:: ENTRIES SHOWN ::
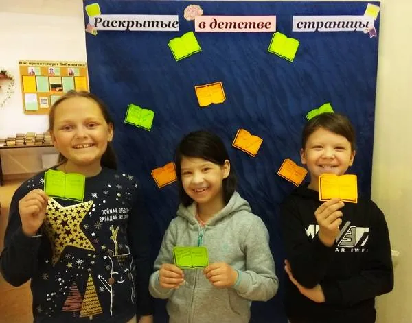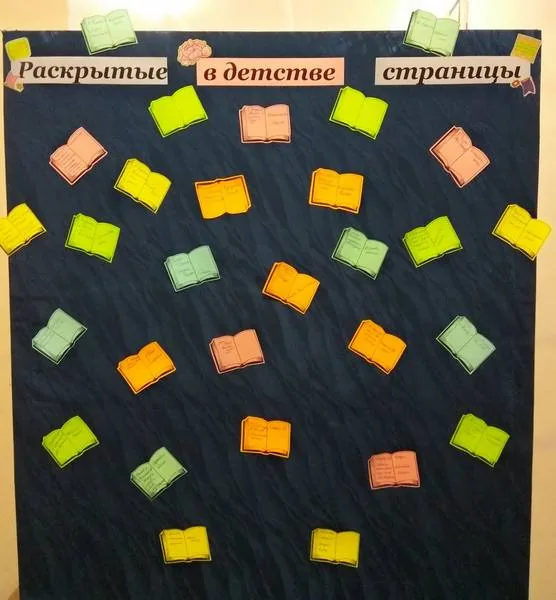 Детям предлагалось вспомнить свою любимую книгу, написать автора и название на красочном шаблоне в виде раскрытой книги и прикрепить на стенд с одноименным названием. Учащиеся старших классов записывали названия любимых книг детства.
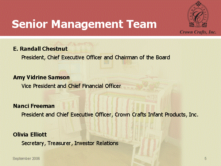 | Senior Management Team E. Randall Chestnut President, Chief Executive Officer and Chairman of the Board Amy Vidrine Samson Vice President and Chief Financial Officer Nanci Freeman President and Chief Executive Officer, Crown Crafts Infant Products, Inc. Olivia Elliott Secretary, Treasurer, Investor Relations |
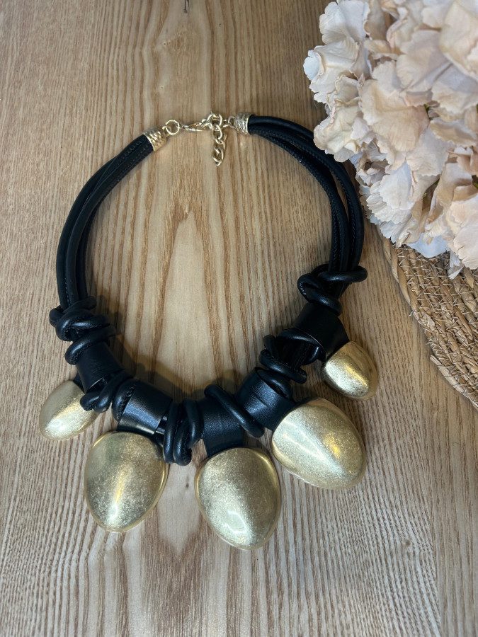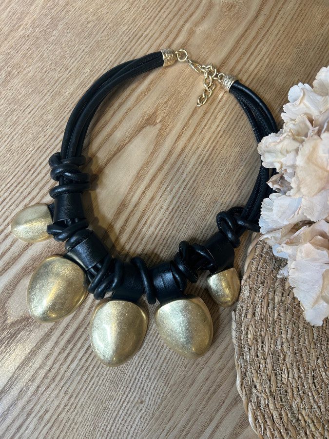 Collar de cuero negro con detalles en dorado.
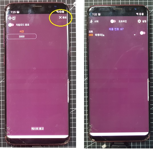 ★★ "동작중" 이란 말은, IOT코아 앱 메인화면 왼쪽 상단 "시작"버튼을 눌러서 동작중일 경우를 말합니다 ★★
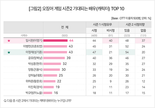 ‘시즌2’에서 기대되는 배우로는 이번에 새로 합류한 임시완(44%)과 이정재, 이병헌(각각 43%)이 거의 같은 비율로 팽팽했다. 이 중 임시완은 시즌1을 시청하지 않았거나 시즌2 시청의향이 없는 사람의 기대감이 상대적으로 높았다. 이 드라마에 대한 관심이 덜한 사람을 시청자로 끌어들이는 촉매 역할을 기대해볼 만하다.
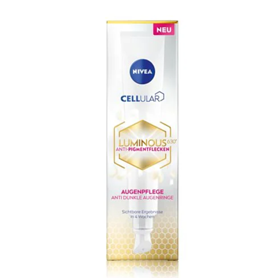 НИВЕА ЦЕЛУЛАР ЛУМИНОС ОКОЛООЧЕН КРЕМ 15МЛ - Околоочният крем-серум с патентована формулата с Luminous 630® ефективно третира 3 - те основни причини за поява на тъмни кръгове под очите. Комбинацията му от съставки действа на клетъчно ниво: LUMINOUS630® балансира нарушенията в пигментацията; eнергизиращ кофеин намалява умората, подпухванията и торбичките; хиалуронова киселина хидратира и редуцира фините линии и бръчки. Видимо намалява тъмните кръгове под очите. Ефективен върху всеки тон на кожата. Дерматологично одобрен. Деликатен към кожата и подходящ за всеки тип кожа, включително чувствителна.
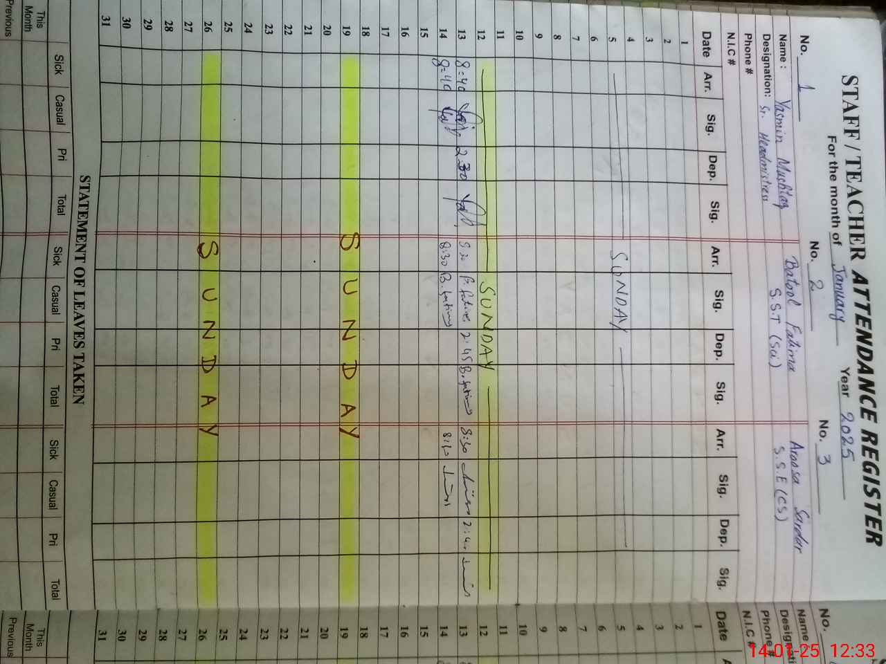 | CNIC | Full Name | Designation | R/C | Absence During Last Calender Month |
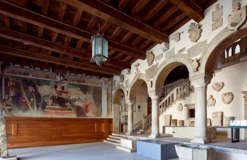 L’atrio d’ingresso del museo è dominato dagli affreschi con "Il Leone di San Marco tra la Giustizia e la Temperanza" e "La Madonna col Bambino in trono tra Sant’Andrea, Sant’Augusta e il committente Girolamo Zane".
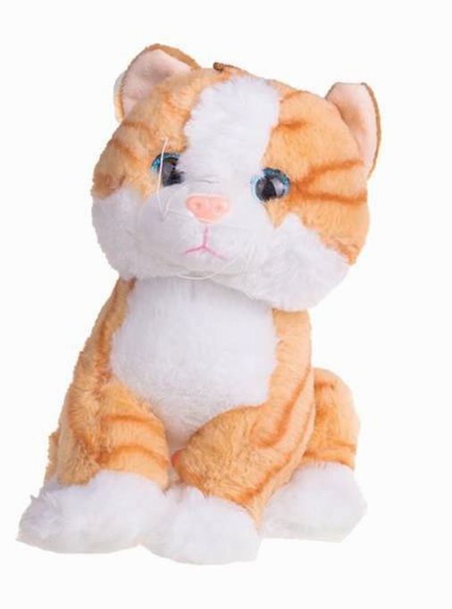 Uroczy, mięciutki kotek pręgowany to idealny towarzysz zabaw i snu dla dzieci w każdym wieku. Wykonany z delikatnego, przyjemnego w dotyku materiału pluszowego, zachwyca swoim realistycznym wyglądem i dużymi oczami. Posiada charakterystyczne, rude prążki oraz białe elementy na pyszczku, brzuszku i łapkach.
:::
**WHAT YOU SHOULD DO**. From the records above, copy only the lines running from the line containing "НИВЕА ЦЕЛУЛАР ЛУМИНОС" to the line containing "Calender Month |", both ends included. Leave the pictures out.

**WRITTEN SOLUTION**.
 НИВЕА ЦЕЛУЛАР ЛУМИНОС ОКОЛООЧЕН КРЕМ 15МЛ - Околоочният крем-серум с патентована формулата с Luminous 630® ефективно третира 3 - те основни причини за поява на тъмни кръгове под очите. Комбинацията му от съставки действа на клетъчно ниво: LUMINOUS630® балансира нарушенията в пигментацията; eнергизиращ кофеин намалява умората, подпухванията и торбичките; хиалуронова киселина хидратира и редуцира фините линии и бръчки. Видимо намалява тъмните кръгове под очите. Ефективен върху всеки тон на кожата. Дерматологично одобрен. Деликатен към кожата и подходящ за всеки тип кожа, включително чувствителна.
 | CNIC | Full Name | Designation | R/C | Absence During Last Calender Month |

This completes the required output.